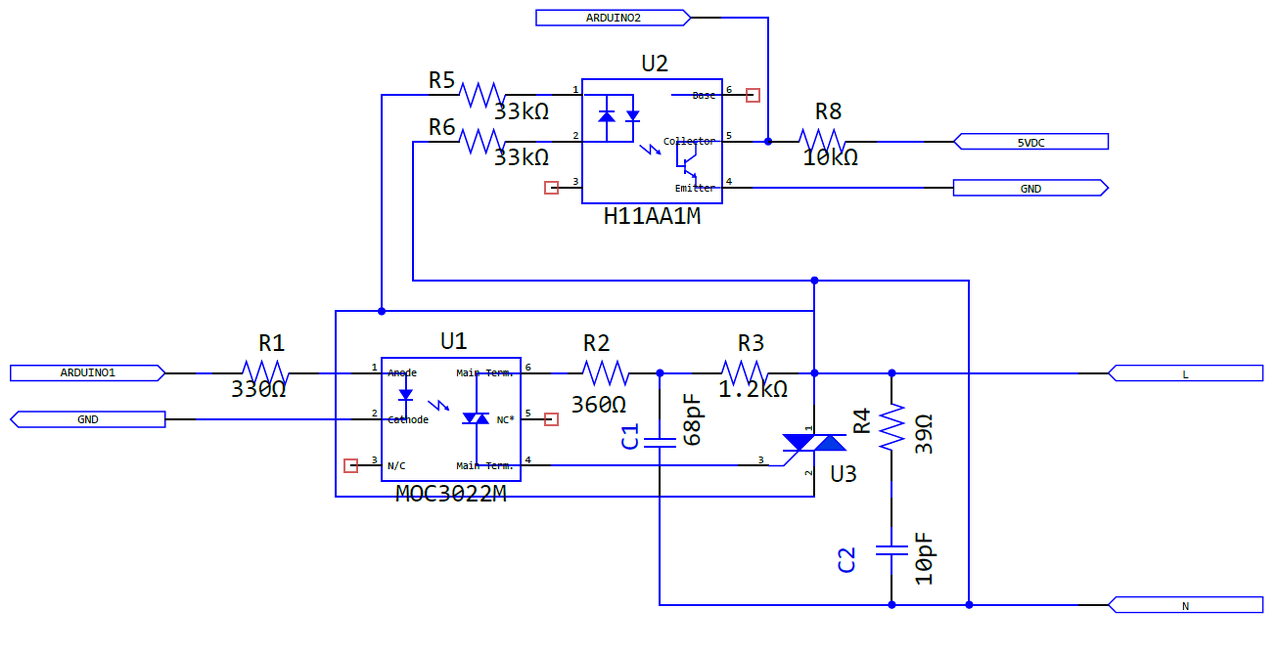 U1 - MOC3022M U2 - H11AA1M U3 - BT136-600E R1 - MF0207FTE-330R R2 - MF0207FTE-360R R3 - MF0207FTE-1K2 R4 - MF0207FTE-39R R5,R6 - MOF3WS-33K R8 - MF0207FTE-10K C1 - CCH-68P C2 - CCH-10P Nem tudom miért, de kimaradt az R7-es. Majd kijavitom. Esetleg le tudod ellenőrizni Peter hogy minden jól lett-e kigondolva?
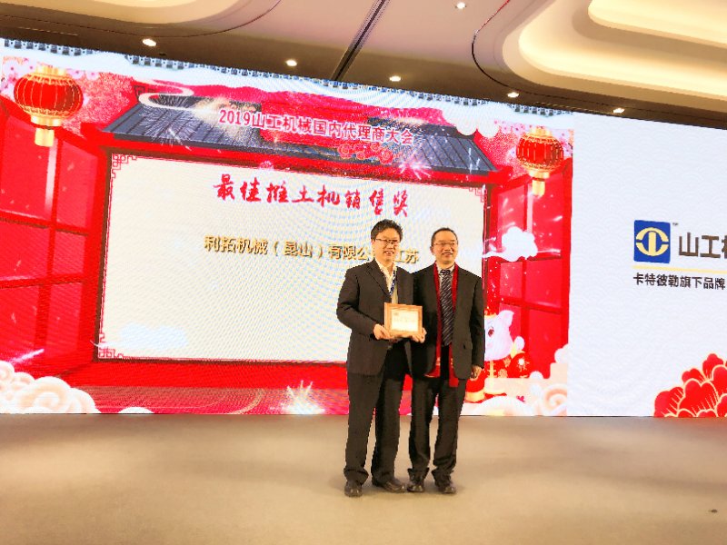 2019年01月18日,卡特彼勒旗下山工品牌在厦门举行代理商年会。JIUYOU.COM九游(中国机械集团旗下代理山工品牌的利拓机械凭借在江苏和上海市场取得的骄人业绩,荣获2018年山工代理商推土机和平地机销售台量和市场占有率第一名的荣誉称号。
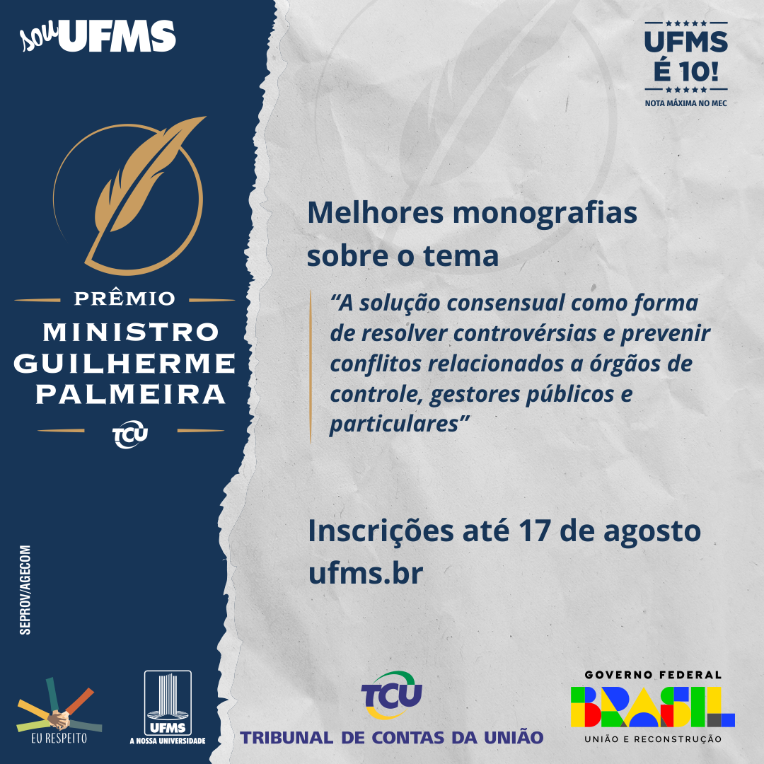 Estudantes de graduação têm até o dia 17 de agosto para a inscrição no Prêmio Ministro Guilherme Palmeira, o concurso nacional de monografias do Tribunal de Contas da União (TCU). Os candidatos podem submeter monografias inéditas sobre o tema A solução consensual como forma de resolver controvérsias e prevenir conflitos relacionados a órgãos de controle, gestores públicos e particulares.
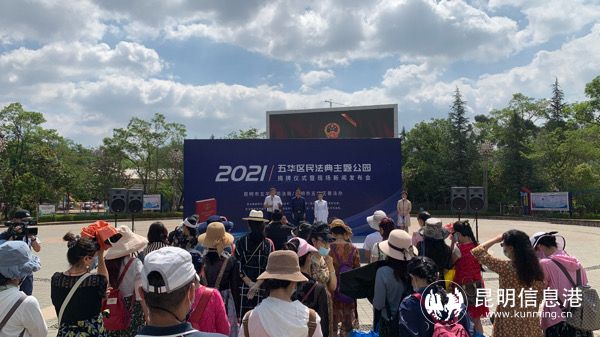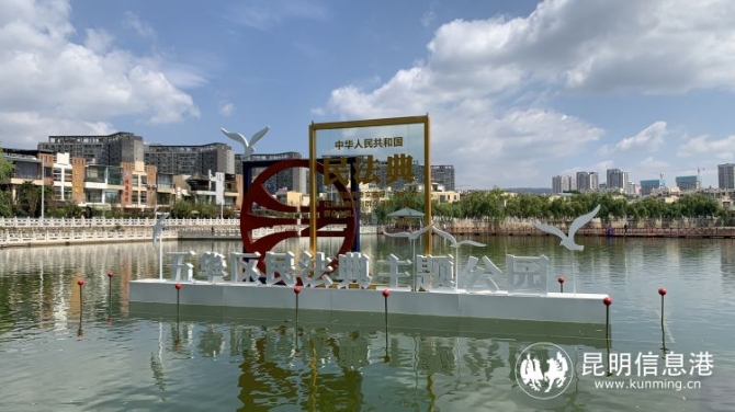 昆明信息港讯 记者合宇聪 20日上午,昆明市首个“民法典”主题公园在五华区月牙潭公园内揭牌。即日起,市民到月牙潭处既能休闲娱乐,又能接受法治文化熏陶,感受法治力量。
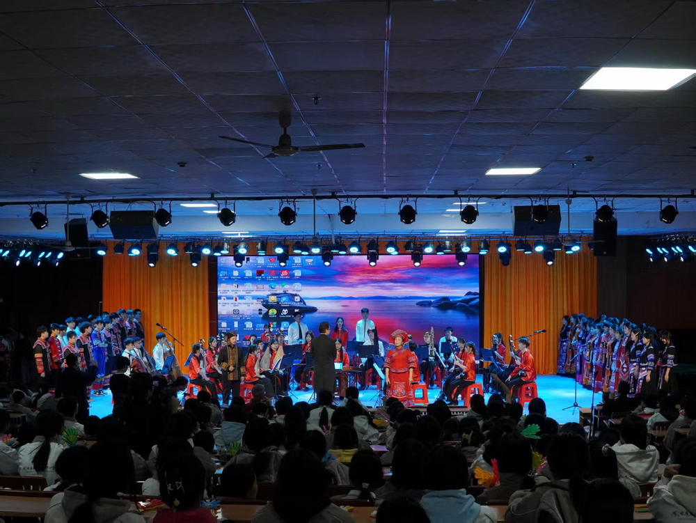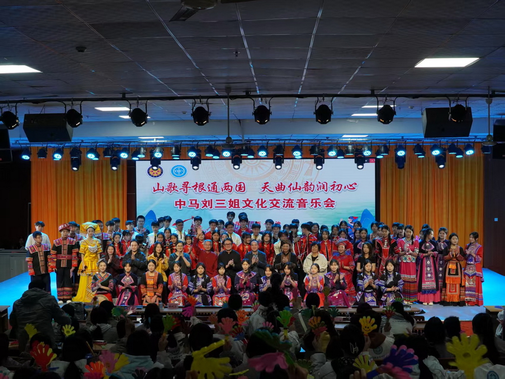文化交融,心灵共振。中马文化交流环节是此次交流的高光时刻。在河池市职业教育中心学校演艺厅内,两校师生围绕刘三姐山歌展开联合排练,清亮高亢与婉转悠扬的歌声交织,传递共同热爱刘三姐文化的情怀。18日上午,“山歌寻根通两国 天曲仙韵润初心——中马刘三姐文化音乐交流会”如期举行,400余名师生到场观看。两国青少年同台献艺,用乐器与歌声致敬经典,一首首刘三姐经典歌曲赢得全场师生的阵阵掌声,将文化共鸣推向高潮。
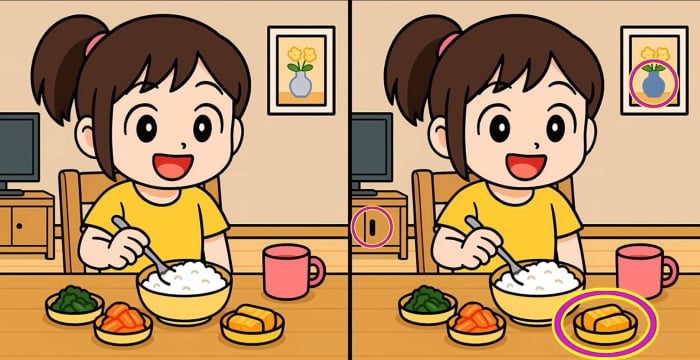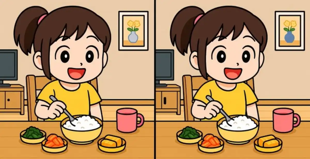 Този класически пъзел „Намери разликите“ с момиче на масата изглежда прост, но трите несъответствия са умело скрити, изискващи истинска внимателност и бързо сканиране на детайли. Ключът е да не се фокусираш само върху големите обекти, а да прегледаш и най-малките елементи в картинката.
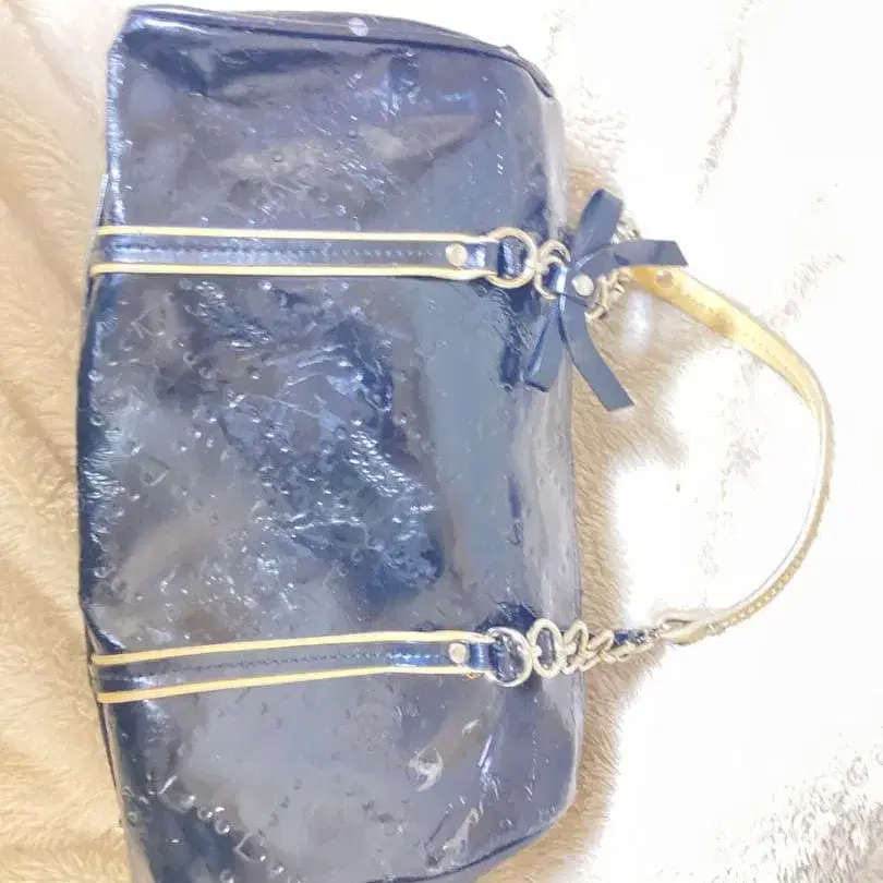 네이비 합성 피혁 토트백
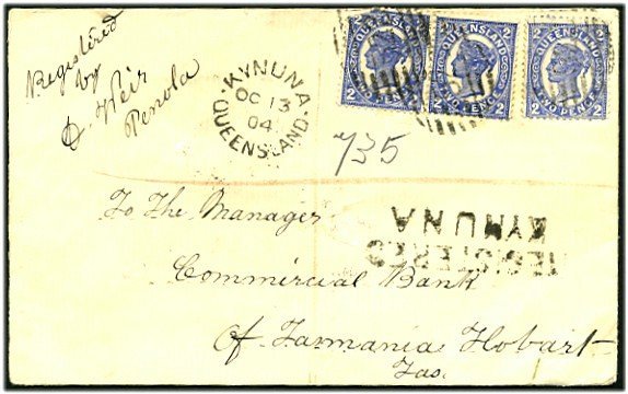 Kynuna datestamp type 6. Dated 27 April 1911. Rated 4R. Seen in the Queensland Stamp Collecting Facebook Group

┄┄┄┄┄┄┄┄┄┄┄┄┄┄┄┄┄┄┄┄

[Problem to work on]
Starting at the line with "Този класически пъзел", write out every line exactly through the final line of the records above, both included, and skip the pictures.

[Completed task]
 Този класически пъзел „Намери разликите“ с момиче на масата изглежда прост, но трите несъответствия са умело скрити, изискващи истинска внимателност и бързо сканиране на детайли. Ключът е да не се фокусираш само върху големите обекти, а да прегледаш и най-малките елементи в картинката.
 네이비 합성 피혁 토트백
 Kynuna datestamp type 6. Dated 27 April 1911. Rated 4R. Seen in the Queensland Stamp Collecting Facebook Group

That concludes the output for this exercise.